+++ Provided data +++
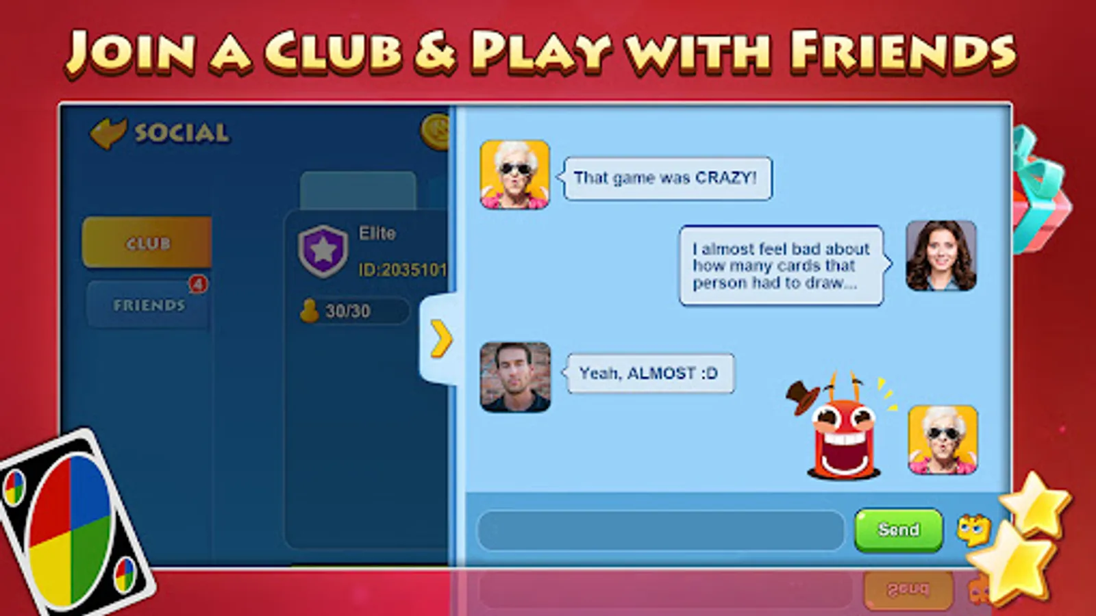Connect with your buddies in UNO!™ with clubs and send each other gifts. Make a strategy and remember to shout UNO before anyone else.
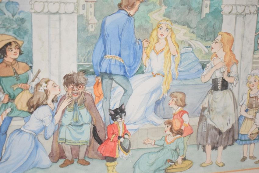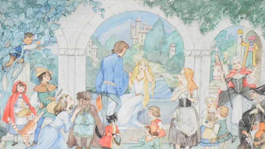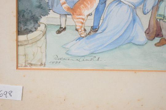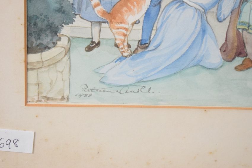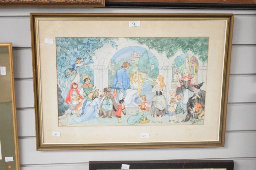 Patience Arnold (British 1901-1992) watercolour, fairy tale scene with various recognisable characters within a garden folly setting, signed and dated 1983 lower left, within a card mount and moulded gilt frame, under glass 29.5cm x 49cm & 45.5cm x 63.5cm overall.
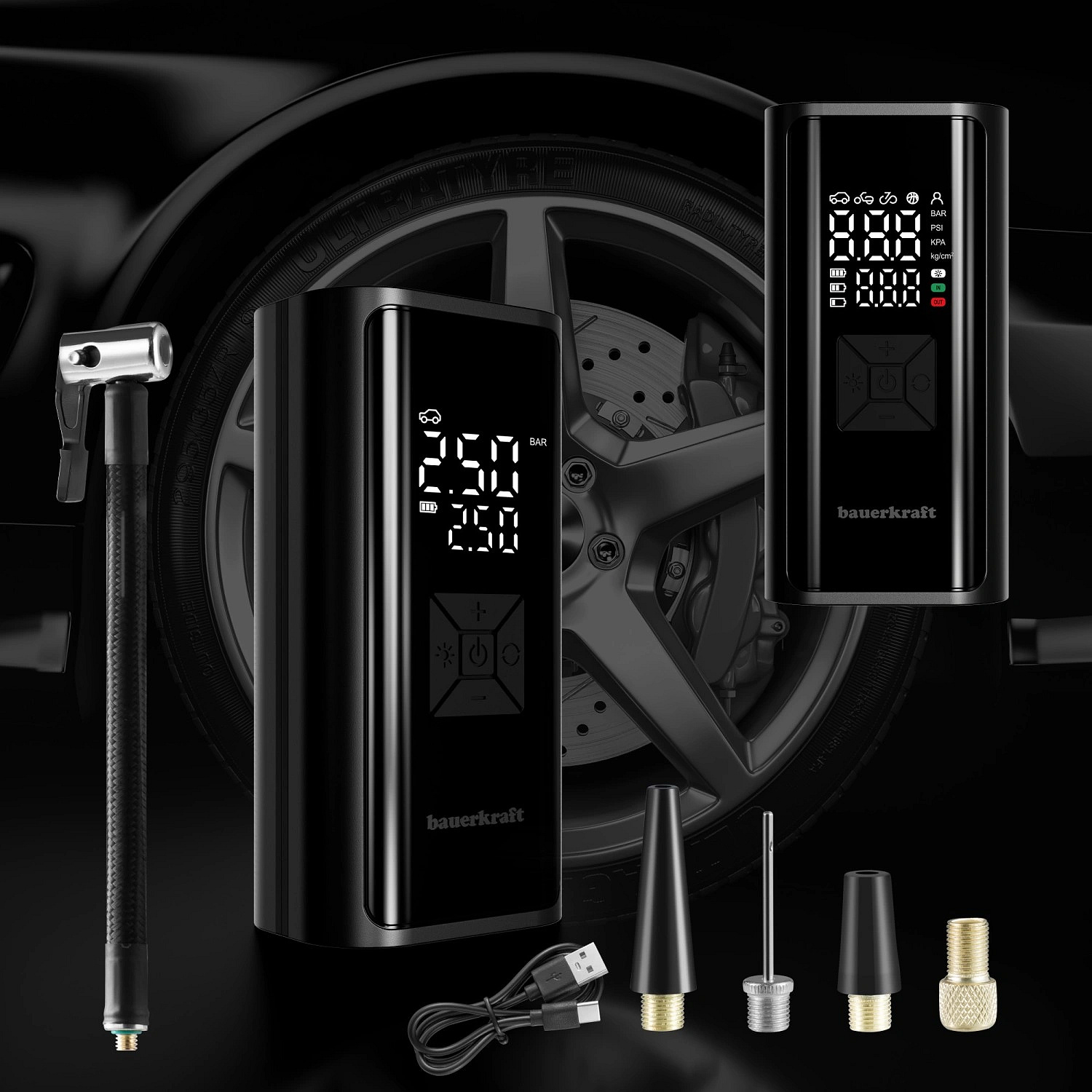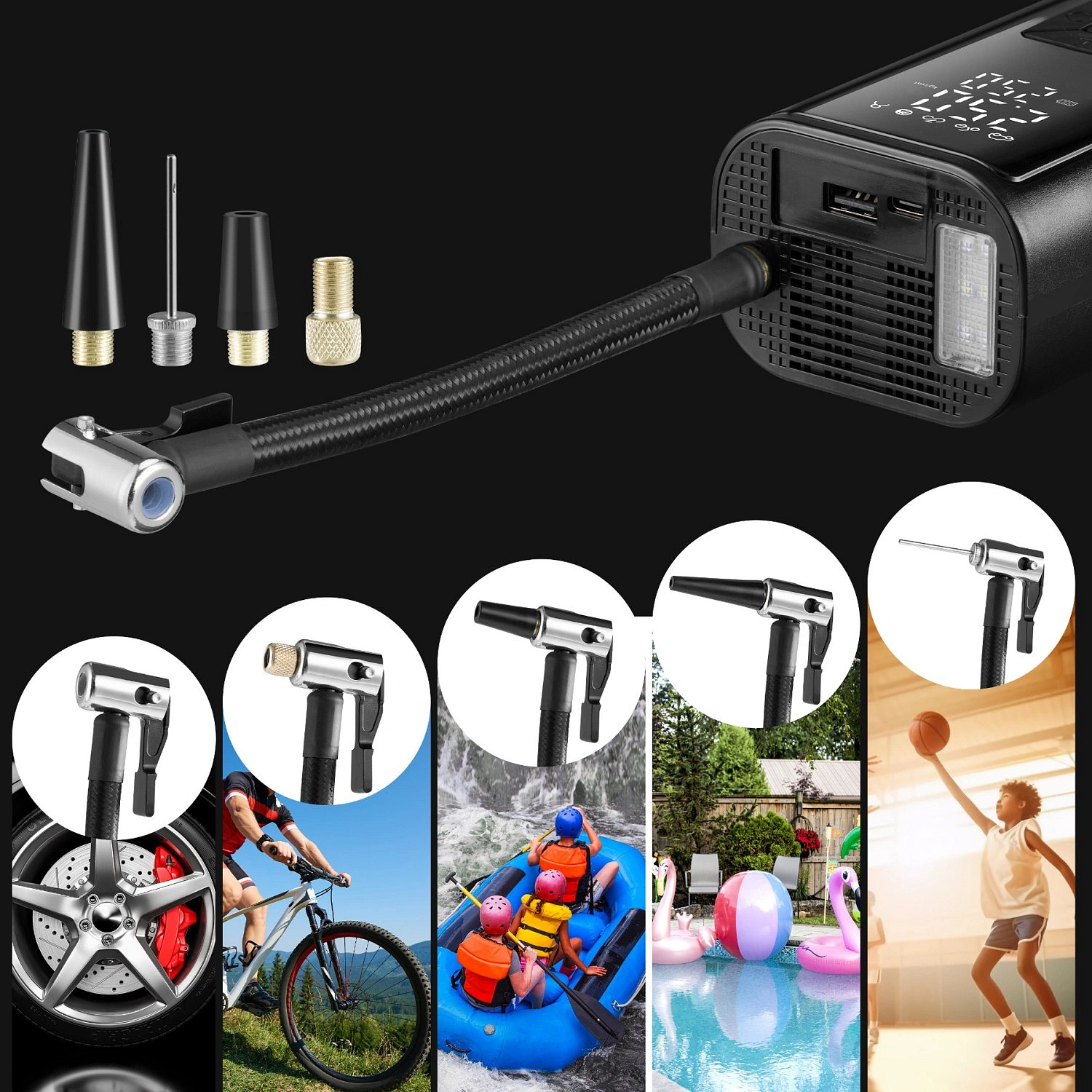 The electric air pump is a practical device that works well in many everyday situations – from quickly inflating a bicycle tire before a ride to emergency use during a car trip. Thanks to its compact design, it can be easily carried in a backpack, bike bag, or car compartment. The cordless design ensures full mobility, while the built-in battery allows use almost anywhere. Additionally, the power bank function enables emergency phone charging, which can be especially useful during long journeys or trips.
+++
§ **What is being asked**:
Leaving the images out, retype all the material above exactly.

§ **Exercise output**:
Connect with your buddies in UNO!™ with clubs and send each other gifts. Make a strategy and remember to shout UNO before anyone else.
 Patience Arnold (British 1901-1992) watercolour, fairy tale scene with various recognisable characters within a garden folly setting, signed and dated 1983 lower left, within a card mount and moulded gilt frame, under glass 29.5cm x 49cm & 45.5cm x 63.5cm overall.
 The electric air pump is a practical device that works well in many everyday situations – from quickly inflating a bicycle tire before a ride to emergency use during a car trip. Thanks to its compact design, it can be easily carried in a backpack, bike bag, or car compartment. The cordless design ensures full mobility, while the built-in battery allows use almost anywhere. Additionally, the power bank function enables emergency phone charging, which can be especially useful during long journeys or trips.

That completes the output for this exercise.